DATASET »
+ + +
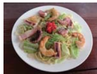
直島塩やきそば 900円

営 11:00 ~ 13:30 17:00 ~ 21:00 (L.O. 20:30)
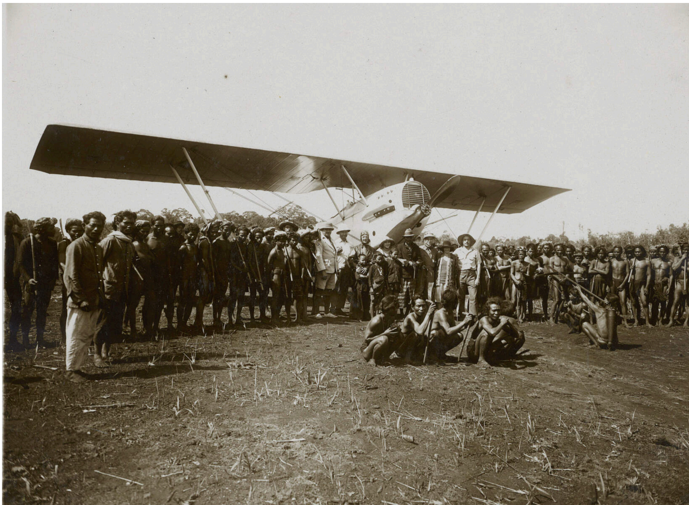
Les Moïs et la charrette des hommes qui volent
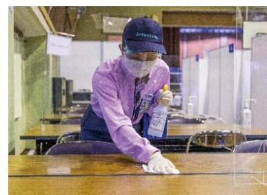
衛生サービス (共有部分の定期的な清掃など)
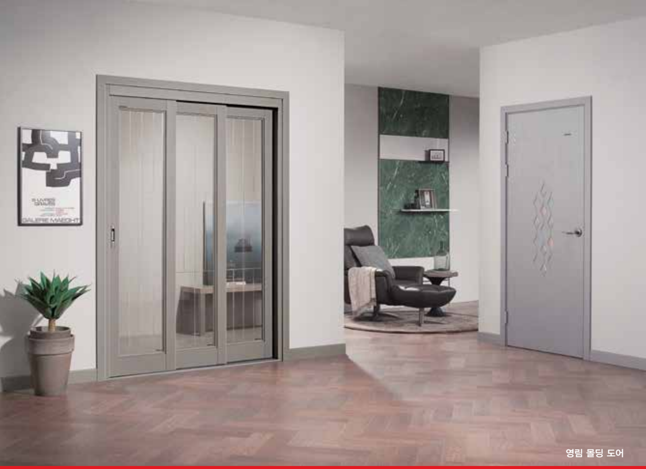
영림 몰딩 도어
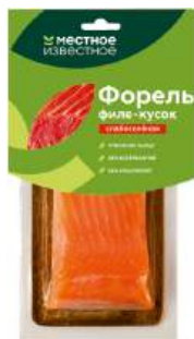
Форель филе-кусочек "Местное Известное" с/с, 150 г
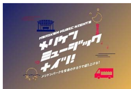
メリケンクリスマスに関する画像は神戸市提供
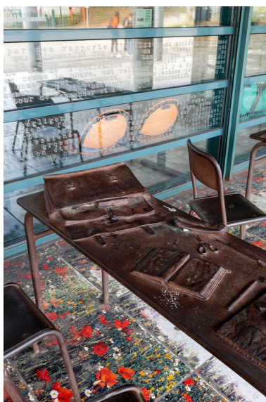
Une table d'écolier IVR84_20216900346NUCA
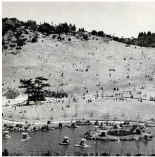
※六甲山カンツリーハウスの過去の写真

六甲山カンツリーハウスは1937年6月30日に山上滞在者のレクリエーションのためにバンガロー風の建物とゴルフ場9ホール、テニスコート2面、魚釣り池等を配した施設として開業して以来、六甲山の自然の中でアウトドアスポーツやバーベキュー、遊具、季節の植物を楽しむことができる遊び場として83年間営業を続けて参りました。2019年には樹上2～15mの高さで体験する新アスレチック「フォレストアドベンチャー・神戸六甲山」をオープンし、多くのお客様にご利用いただきました。また、隣接する六甲山フィールド・アスレチックは1978年の開業以来、自然を活かした40ポイントの木製アスレチックが魅力の施設として営業して参りました。本計画では、「山、空、水辺。すべてが舞台の冒険王国。」をテーマに、水上・陸上にアスレチックを合計80ポイント新設し、日本最大級のアスレチックが楽しめる施設へと生まれ変わります。また、ジップスライド等種類の豊富なアスレチックを用意することで、小さなお子様だけではなく、大人の方まで幅広い世代の方が、体力や年齢にあわせて何度来ても楽しめる施設となるように努めて参ります。
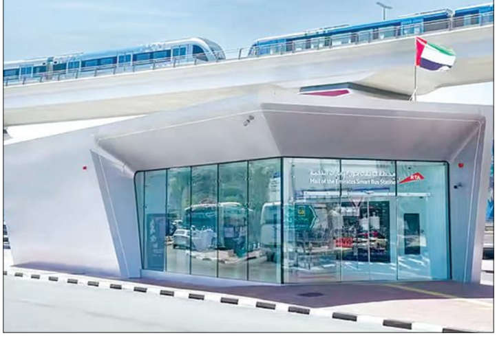
ଉପକ୍ରମଣା ବିଷୟରେ ସୂଚନା ପ୍ରଦାନ କରୁଥିବା ଏଆଇ ଚାଳିତ ସ୍ମାର୍ଟ ବସ୍ ସେସନର ଉଦ୍ଘାଟନ କରାଯାଇଛି। ଏହା ଦ୍ୱାରା ଦୁବାଇର ପ୍ରଥମ ଏଆଇ ଚାଳିତ ସ୍ମାର୍ଟ ବସ୍ ସେସନର ଉଦ୍ଘାଟନ ହେବ।

■ ଦୁବାଇ, ୧୧ମ (ଏକେଡି): ଦୁବାଇରେ ଦୁବାଇ ଆଇ ଏକ ବଡ଼ ସମ୍ପର୍କ ହାସଲ କରିଛି। ଦୁବାଇର ରୋଡ୍ ଆଣ୍ଡ ଟ୍ରାନ୍ସପୋର୍ଟ ଅଥରିଟି ପକ୍ଷରୁ ମଲ୍ ଅଫ୍ ଦି ଏମିରେଟ୍ସ ଠାରେ ବିଶ୍ୱର ପ୍ରଥମ ସମ୍ପୂର୍ଣ୍ଣ ଏଆଇ ଚାଳିତ ସ୍ମାର୍ଟ ବସ୍ ସେସନର ଉଦ୍ଘାଟନ କରାଯାଇଛି। ଏହି ଅତ୍ୟାଧୁନିକ ସେସନରେ କୃତ୍ରିମ ବୁଦ୍ଧିମତା (ଏଆଇ) ଏବଂ ୨୪ ଘଣ୍ଟା ଡିଜିଟାଲ୍ ସେବାର ବ୍ୟବସ୍ଥା ରହିଛି। ଏହି ସେସନଟି ଆଧୁନିକ ବୈଷୟିକ ଜ୍ଞାନକୌଶଳରେ ସଜ୍ଜିତ। ଏହାର ବିଶେଷତ୍ୱ ମଧ୍ୟରେ ଏଆଇ କମ୍ପାନୀର ଓ ମନିଟରିଂ ରହିଛି। ସେସନରେ ଏଆଇ-ଚାଳିତ କମ୍ପାନୀର ଲଗାଯାଇଛି। ଏହା ଭିତ୍ତି ନିୟନ୍ତ୍ରଣ କରିବା ସହ ଯାତ୍ରୀଙ୍କ ଯାତାୟତ ଏବଂ ସୁରକ୍ଷା ଉପରେ ନଜର ରଖିବା ସହ ସେସନର ଉପଯୋଗ କରିବାକୁ ଯୋଗ୍ୟ କରିବାକୁ ଯୋଜନା କରାଯାଇଛି। ଏହା ଦ୍ୱାରା ଦୁବାଇର ପ୍ରଥମ ଏଆଇ ଚାଳିତ ସ୍ମାର୍ଟ ବସ୍ ସେସନର ଉଦ୍ଘାଟନ ହେବ। ଏହା ଦ୍ୱାରା ଦୁବାଇର ପ୍ରଥମ ଏଆଇ ଚାଳିତ ସ୍ମାର୍ଟ ବସ୍ ସେସନର ଉଦ୍ଘାଟନ ହେବ। ଏହା ଦ୍ୱାରା ଦୁବାଇର ପ୍ରଥମ ଏଆଇ ଚାଳିତ ସ୍ମାର୍ଟ ବସ୍ ସେସନର ଉଦ୍ଘାଟନ ହେବ।
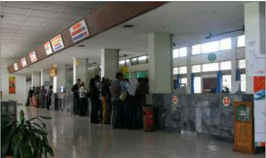
Afb. 2: de loketten in het postkantoor van Padang

Ter rechterzijde bij binnenkomst stonden lange houten banken in rij en gelid. Kennelijk soms nodig om mensen te laten wachten, misschien voor die pensioenen?
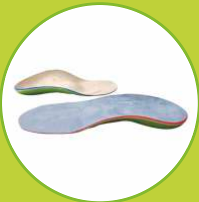
Ortopedické vložky špeciálne
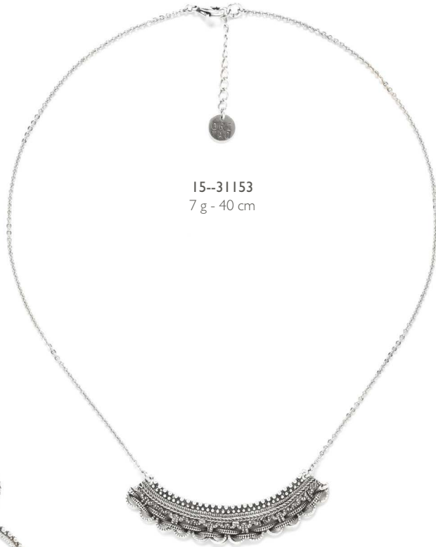
15--31153 7 g - 40 cm
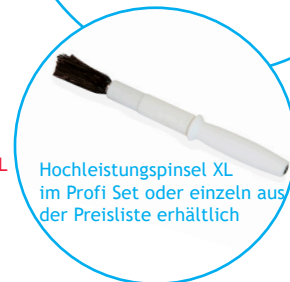
Hochleistungspinsel XL im Profi Set oder einzeln aus der Preisliste erhältlich

Wir bieten zum Brush-IT unseren Hochleistungspinsel XL mit 1.4 Mio. Fasern an.
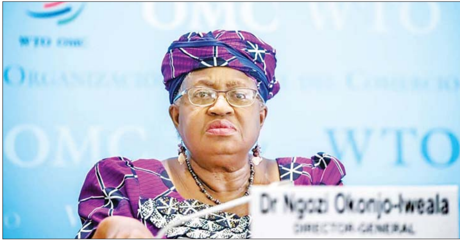
ကမ္ဘာ့ကုန်သွယ်ရေးအဖွဲ့ကြီး၏ ညွှန်ကြားရေးမှူးချုပ် နာဂိုဇီ အိုခွန်ဂျီ အိဇီလာ

အမေရိကန်ပြည်ထောင်စုအပါအဝင် ကမ္ဘာတစ်လွှား ငွေရေးကြေးရေးအခက်အခဲများကြောင့် စီးပွားရေးတိုးတက်မှုတွင် သက်ရောက်မှုများ ဖြစ်ပေါ်ခဲ့သည်။ ဥရောပတွင် စွမ်းအင်ဈေးနှုန်းများ ကြီးမြင့်သည့်အတွက် အိမ်ထောင်စုများနှင့် စီးပွားရေးလုပ်ငန်းများတွင် ဖိအားများ ဖြစ်စေခဲ့သည်။ အင်န်အိတ်ချ်ကေ
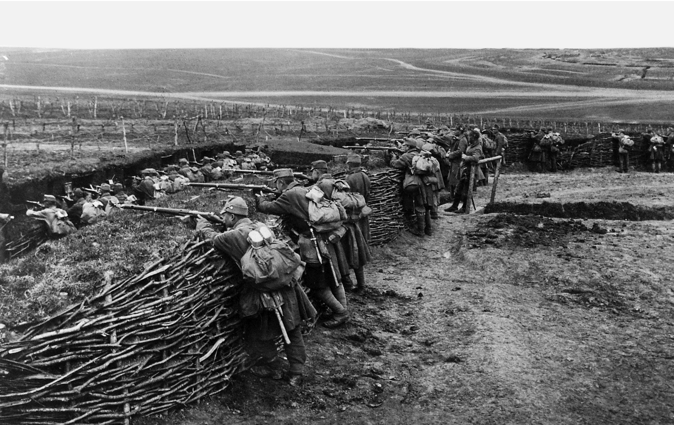
Mélyégi védelem – Osztrák–magyar lövészárak az I. világháború keleti frontján, 1916

Mindez nagyon hasonlít a szárazföldi csapatok védelmi harctevékenységének fölépítésére, ahol az erők 50-60 km mélységben helyezkednek el, több lépcsőben egymást mögött, utánuk a tartalékkal. Miután „minden politikai harcnak megvan a maga katonai magva” (Antonio Gramsci), nem túlzás ehhez a mélyégi védelemhez hasonlítani a kulturális hadviselés egyébként inkább támadó jellegű szervezetrendszerét.
+ + +
TASK GOAL » Search the preceding listing for "Hochleistungspinsel", then copy every line that holds it.

ANSWER BOX »
Hochleistungspinsel XL im Profi Set oder einzeln aus der Preisliste erhältlich
Wir bieten zum Brush-IT unseren Hochleistungspinsel XL mit 1.4 Mio. Fasern an.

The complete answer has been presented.